:: SUPPLIED DATA ::

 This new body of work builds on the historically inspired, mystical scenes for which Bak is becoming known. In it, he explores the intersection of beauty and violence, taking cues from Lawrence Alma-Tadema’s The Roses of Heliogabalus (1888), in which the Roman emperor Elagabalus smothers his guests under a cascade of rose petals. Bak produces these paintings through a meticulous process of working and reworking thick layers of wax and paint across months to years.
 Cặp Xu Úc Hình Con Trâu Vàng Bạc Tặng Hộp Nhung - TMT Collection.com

:::
:: SUPPLIED DATA ::

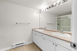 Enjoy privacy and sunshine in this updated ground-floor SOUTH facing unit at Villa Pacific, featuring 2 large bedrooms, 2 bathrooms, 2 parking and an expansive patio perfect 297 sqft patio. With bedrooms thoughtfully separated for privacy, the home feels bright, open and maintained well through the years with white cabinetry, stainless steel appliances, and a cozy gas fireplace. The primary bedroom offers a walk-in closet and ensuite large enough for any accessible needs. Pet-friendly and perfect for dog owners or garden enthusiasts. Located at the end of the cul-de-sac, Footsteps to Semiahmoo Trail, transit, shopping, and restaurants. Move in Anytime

:::
:: SUPPLIED DATA ::

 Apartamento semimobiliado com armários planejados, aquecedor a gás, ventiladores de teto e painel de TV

:::

• AIM OF THE TASK: Everything from the line containing "This new body" through the line containing "Cặp Xu Úc Hình" in the material above should be retyped exactly, both ends included, and nothing more.

• RESULT OF THIS EXERCISE:
 This new body of work builds on the historically inspired, mystical scenes for which Bak is becoming known. In it, he explores the intersection of beauty and violence, taking cues from Lawrence Alma-Tadema’s The Roses of Heliogabalus (1888), in which the Roman emperor Elagabalus smothers his guests under a cascade of rose petals. Bak produces these paintings through a meticulous process of working and reworking thick layers of wax and paint across months to years.
 Cặp Xu Úc Hình Con Trâu Vàng Bạc Tặng Hộp Nhung - TMT Collection.com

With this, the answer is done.